The investment opportunity in artificial intelligence (AI) may appear to be carried by a small group of mega-cap stocks. Yet there is a great deal of activity bubbling below the popular radar, a reality that is abundantly clear to Tony Kim, head of the Fundamental Equities Global Technology team.
He and 36 BlackRock colleagues traveled 300 miles over five days in June to meet with leaders of 29 public and private technology companies in San Francisco and Silicon Valley. The “tech tour” ― the 11th annual and counting ― is a critical input to the team’s fundamental research process. Mr. Kim recently joined The Bid podcast to share his learnings and reflections from the road.
An AI ‘takeover’
AI is not only dominating stock market returns, but the entirety of Silicon Valley as well. Mr. Kim observes that talk of AI was light and company-specific in the first nine years of the tech tour but has dominated in the past two.
“In the prior nine years, AI was more a tool ― something in the background. Operationally a few companies were using it,” he explains. “It is now at the forefront of every company, and it's really changing the foundations of the software industry and the semiconductor industry. It’s cascading to the power and energy industry. It’s also changing the very product and services that all tech companies are building to. That’s the sea change, and it’s been remarkable how that’s changed in 24 months.”
The making of a new ‘stack’
This takeover naturally alters the investment opportunity set. Mr. Kim describes how AI has redefined the technology “stack,” the hardware, software and data that come together to perform specific tasks or functions. The stack builds from the bottom up and includes three broad layers:
- Infrastructure. Sitting at the base of the stack, these are the chips and cloud infrastructure that form the foundation of AI enablement. The vast majority of investment to date has been centered here.
- Intelligence. This middle layer encompasses the data and AI models themselves. These are being built now and increasing in capability.
- Applications. The top layer includes the software services and solutions that leverage the aforementioned AI intelligence ― creating a new set of AI-enabled applications.
“In 2023 and 2024, much of the investment and stock price reaction has been at the bottom layer of the stack,” Mr. Kim explains. “As we progress into year three, year four and year five, we will start seeing opportunities in that intelligence layer and, of course, finally in the application layer, which has not been a beneficiary of this first wave of AI.”
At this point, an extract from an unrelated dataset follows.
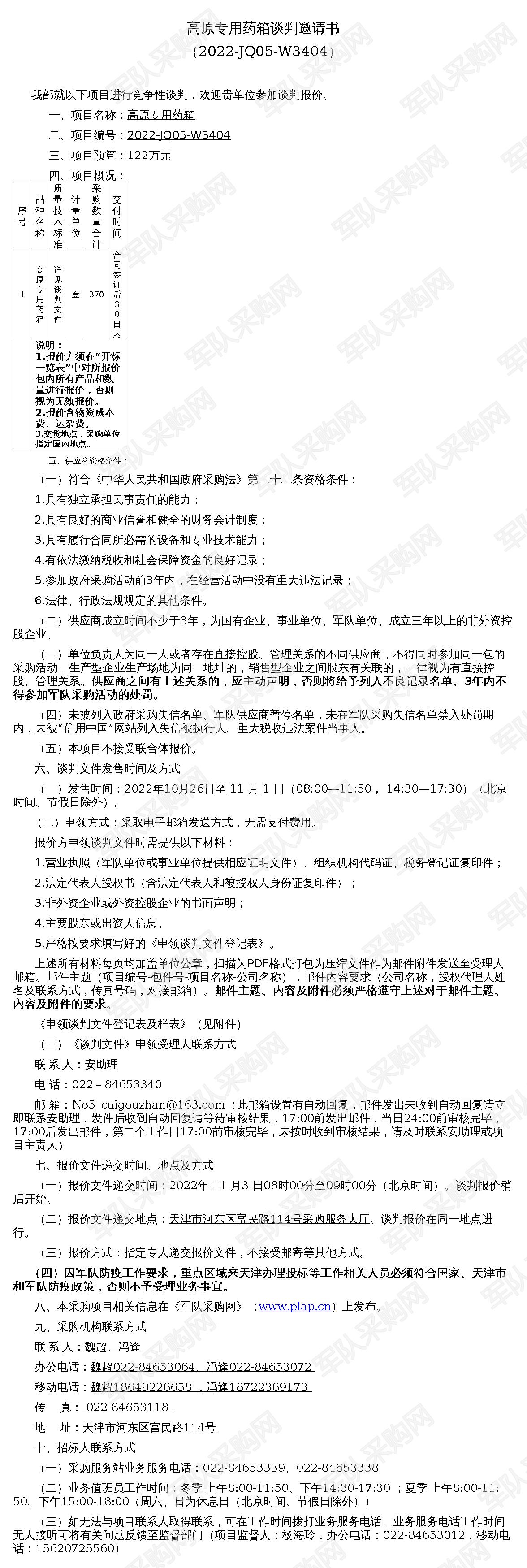 【军队采购网】高原专用药箱谈判邀请书(2022-JQ05-W3404)

What end markets will benefit from the big AI build? Mr. Kim cites the consumer market, manifesting as “personal assistants” in areas such as web search, social, e-commerce and shopping. He then expects AI to become more relevant and engrained in corporations, followed by physical “real world” markets such as cars, airplanes, the military and robots.
Each of these is in very early stages of adoption, Mr. Kim says, but all leverage the same infrastructure that is being heavily invested in right now.
The great spending debate
And that investment is big. In their second-quarter earnings reports, the four largest hyperscalers in the U.S. noted aggregate capex spending intentions of over $200 billion for 2024 (50% higher than 2023) ― and growing.
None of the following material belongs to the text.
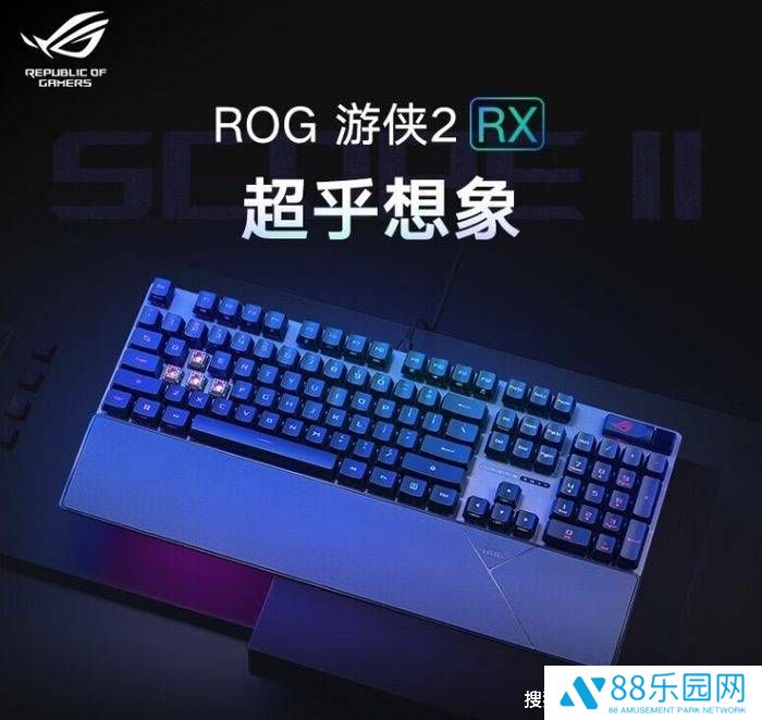 另外,ROG还为大家带来了游侠2 RX机械有线键盘。这款键盘采用了ROG自研的RX光学机械轴,方形火山口结构带来了稳定的手感。四角固定插座减少了键帽晃动,X结构稳定器确保了触发无抖动,敲击一致。同时,它还具备IP57级的防水防尘功能,无惧灰尘和水渍泼溅。键盘顶部采用了航空级别铝合金面板,增加了重量感和坚固耐用性。底部增加了一层吸音泡棉层,能够吸收键盘敲击的回音和噪音,改善手感和听感。

Some observers have recently questioned whether that spending will deliver sufficient return on investment. This concern contributed to a summer pullback in AI stocks. Mr. Kim is undeterred and sees the debate as a matter of short- versus long-term expectations.
Estimates of AI impact may be too optimistic on a two-year horizon, so aligning investment dollars in and profit out in the near term is a “mismatch,” he says. But the potential benefits and returns that could arise in a 10-year timeframe are likely underestimated.
And if the hyperscalers fail to invest now, they put themselves at a competitive disadvantage, which Mr. Kim says would not only affect their future prospects but also their current core businesses, which were constructed in and for a pre-AI era.
A word to the skeptics
As an “AI optimist,” Mr. Kim encourages equal doses of realism and imagination for the skeptics:
Don’t expect investment to perfectly match return “right now today. You're not going to get it; it's just not matched.”
But, he says, “you can't just assume that the current status quo will be sustained.” Visualizing the vast prospects and potential outcomes that AI can have for businesses, society and productivity requires “some leap of faith, some imagination, some creativity of thinking.”
Those who fail to invest in these could find themselves left behind.